I was a little nervous heading out towards Edgbaston Reservoir because I had become lost two weeks ago, taking the long route there. I checked the route from the canal exit before leaving home, but you’re never entirely sure if you’re going the right way until you actually get there; thankfully the sailing club entrance to the reservoir appeared before my very eyes and thus the closing stage of my long run began.
Mentally, it was slightly refreshing to be running in a new environment after the solitude of the canals. There were plenty of people about including idiotic dog walkers with too much slack on their leads. There were plenty of runners around as well; two were absolutely hammering themselves into the ground with very unstable looking gaits.
I ran the first loop of the reservoir, trying to push the pace slightly but topped out at 8:35. I had one mile left to try and get as close to marathon race pace as possible and boy did it hurt. Whilst it was only 35 seconds faster to get to 8:00 mile pace, it felt like a substantial effort to get there. Marathon training totally messes with your perception of effort and speed; 8:00 minute miles are something I can run with ease but 26.2 of them at that pace or faster? Well, we’ll have to wait until after April 13th to see if it’s possible for me or not…
An easy 1 mile warm-down back to the flat finished me off for the day. This week is thankfully a scheduled easy 7 days, which actually means a pared back long run of 10 – 15 miles but everything else scheduled continues as normal.
Have a gander at the Garmin data here.
It’s that time of the week again for another entry from Mark Remy’s The Runner’s Rule Book (it’s quite fitting given what I’ve been writing about this week):
Know your pace
I have a colleague who loves to innocently invite me and other hapless Runner’s World staffers out for “easy” lunchtime runs that invariably turn into sub-7 minute pace gasp fests. And like Charlie Brown trusting Lucy (yet again) to hold the football, hoping against hope that this time she’ll stay true to her word, we always end up flat on our backs, hurting and cursing our naivety.

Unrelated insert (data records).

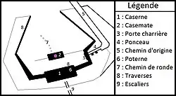 - ↑ Traverse : passage protégé par deux murs épais de chaque côté, ou enterré pour former un tunnel court.
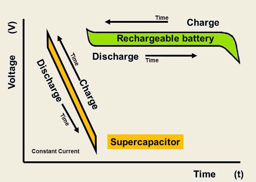 超级电容与传统电池能快速存储大量的能量并迅速释放不同,例如,当火车进站制动时,超级电容可以储存制动产生的能量,并当火车启动需要大量能量时再提供给它。
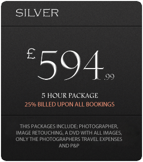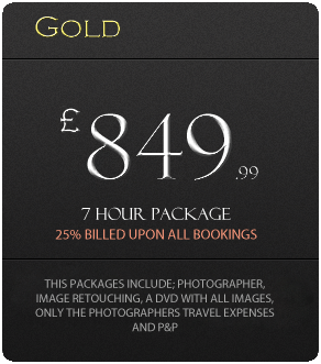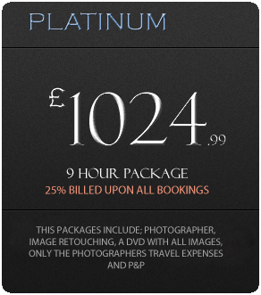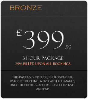 All packages listed above including the Bronze package, Silver Package, Gold package and Platinum package includes a professional photographer, image retouch and editorial for a specified time, please review details under relevant sections for specified time frames. All packages do not include hair and makeup artists, a second shooter or extra photographer. All packages also include travel costs and postage and packaging of your DVD or memory stick to a specified address of your choice. Please click here or the enquiry button to proceed your booking.
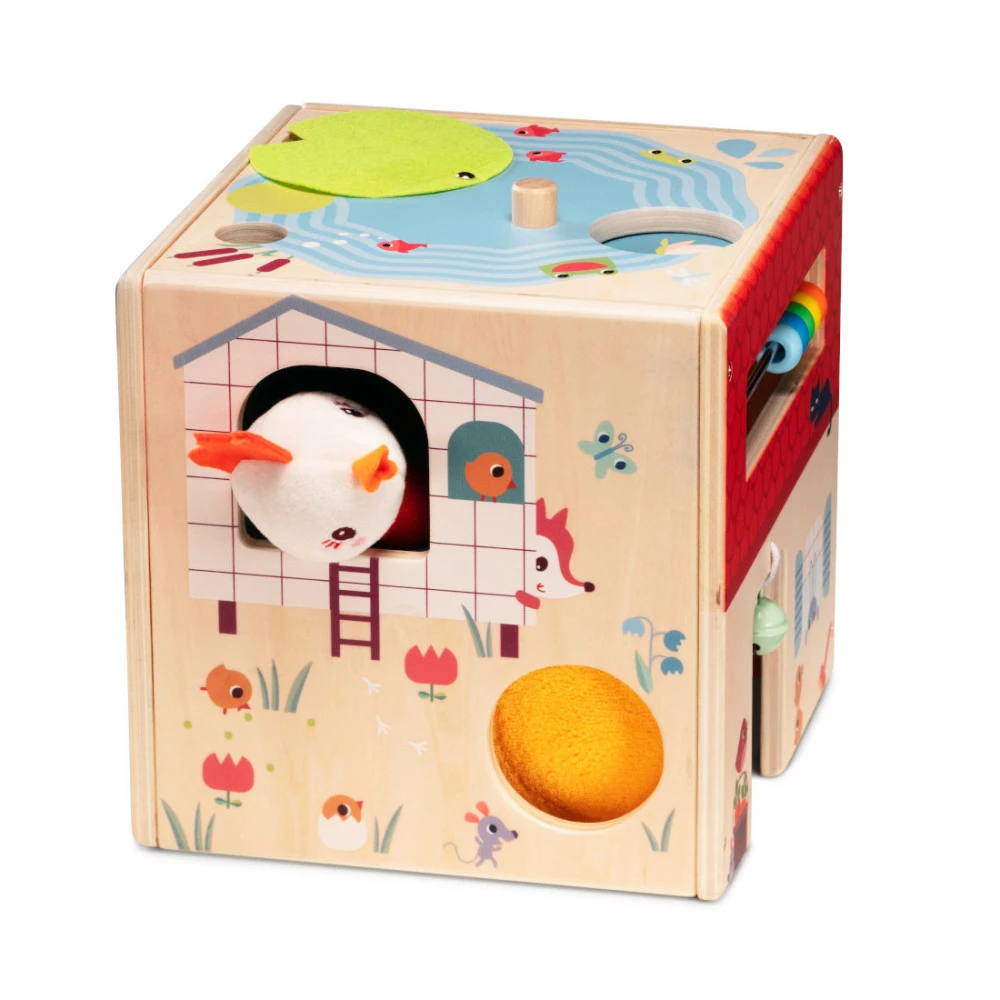 Grand cube en bois avec 10 activités sensorielles et de découverte avec la petite poule toute douce Paulette qui passe d’une face à l’autre.
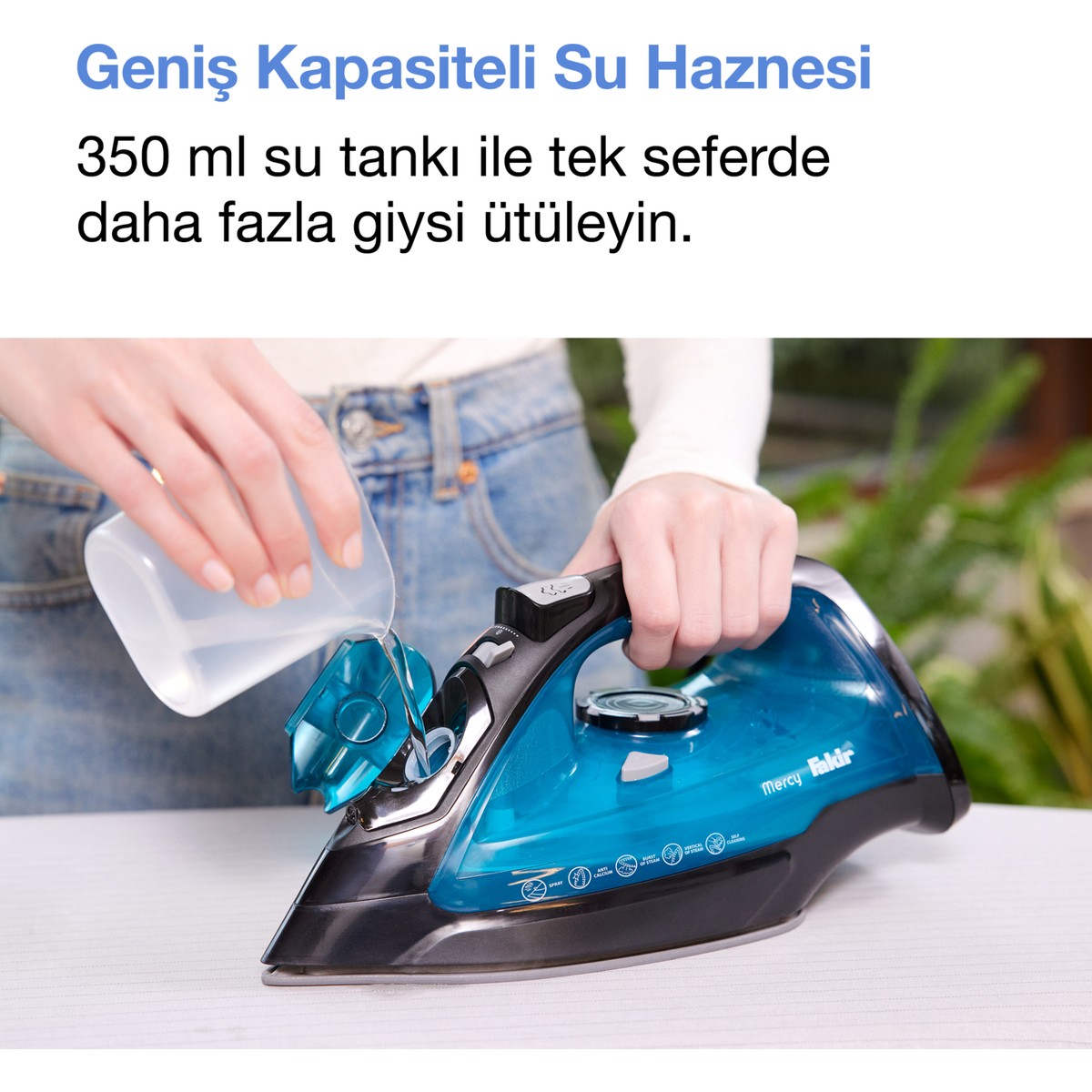 350 ml Su Tankı: Geniş su tankı kapasitesine sahip Mercy ile ütüleme işleriniz artık çok daha kolay! Geniş su tankı sayesinde ütüleme sırasında sık sık su doldurmak zorunda kalmazsınız. Tek seferde daha fazla çamaşırı ütüleyebilir, zamandan tasarruf edebilirsiniz.
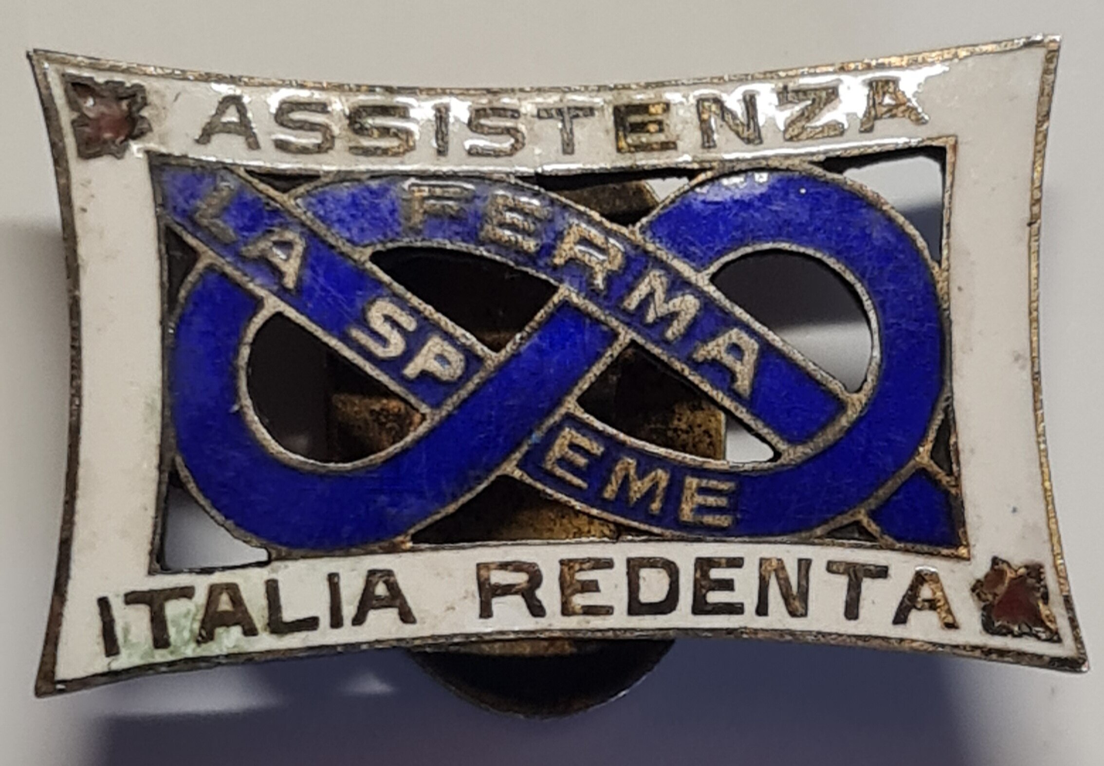 Rivolgo agli esperti del settore richiesta di collaborazione per meglio individuare la spilletta da colletto della Associazione Italia Redenta, che porta inciso sul nastro azzurro annodato il motto "FERMA LA SPEME". La spilla di forma pressoche' rettangolare mm. 32 x 20 ca. e peso di gr. 7,30 con smalti bianchi ed azzurri non presenta indicazioni del produttore.
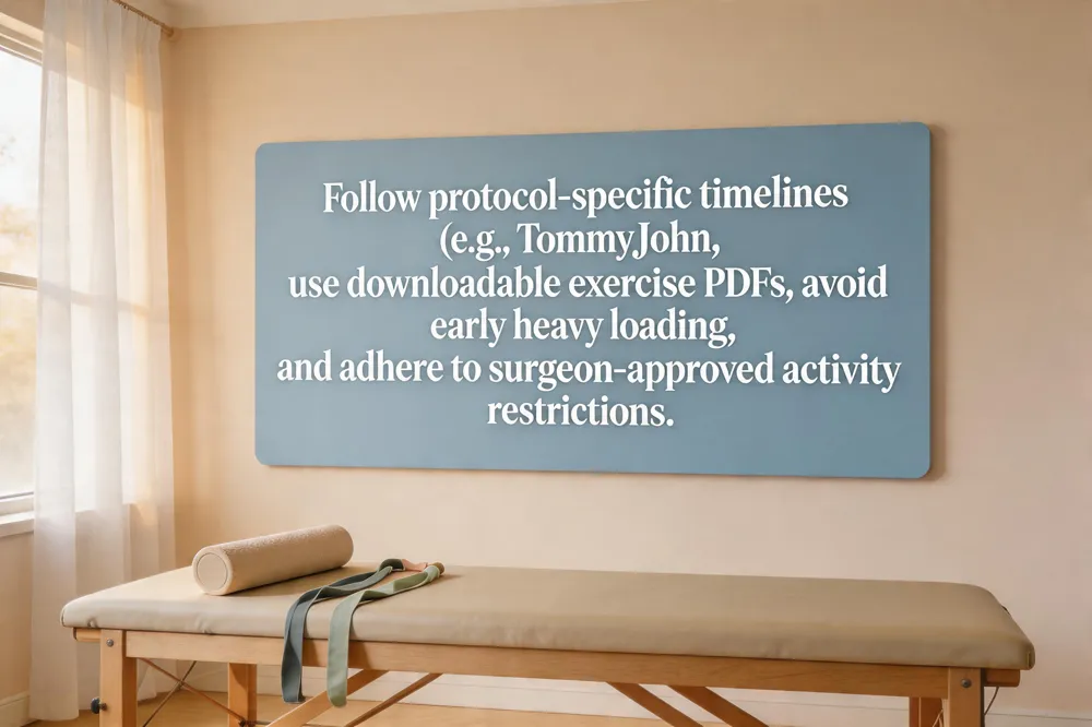 Early postoperative care for elbow ligament surgery focuses on protection, pain control, and gentle mobility. For UCL reconstruction, the first 21 days use a posterior splint or hinged brace locked at 90°; weeks 2‑4 gradually unlock the brace (30‑100° then 15‑110°) while adding painless wrist ROM, sub‑maximal shoulder and biceps/isometrics, scar massage, and edema compression. By weeks 4‑8 the brace is set to 10‑120° (later 0‑130°), allowing full elbow motion and light resistance wrist curls, forearm pronation‑supination, and rotator‑cuff work, with resisted external rotation delayed until week 6. Weeks 9‑13 introduce eccentric elbow flexion/extension, plyometrics, and sport‑specific drills such as the Thrower’s Ten; full throwing program begins after week 13 and most athletes return to sport between 5‑8 months, contingent on strength and functional criteria.

It’s not her fault. She’s so fast that her “easy” just happens to be our “tempo pace”. (Did I mention that this colleague is an Olympic Marathon Trials qualifier?) Really, we’ve got no one to blame but ourselves. And it does wind up being a great workout, whether we were scheduled for one or not.
But in general, please: if you ask a friend to join you for an “easy” run, it’s no fair to take her out and clobber her at 10k pace. Equally uncool: inviting someone to accompany you on a “short” run, then dragging him along on an out and back 12 miler. If you don’t know each other well enough to understand implicitly what “easy” and “hard”, “short” and “long” mean, then make it explicit: say, “I’m going to go 4 or 5 miles at around 8:30 pace. Wanna come?” Then stick to the plan.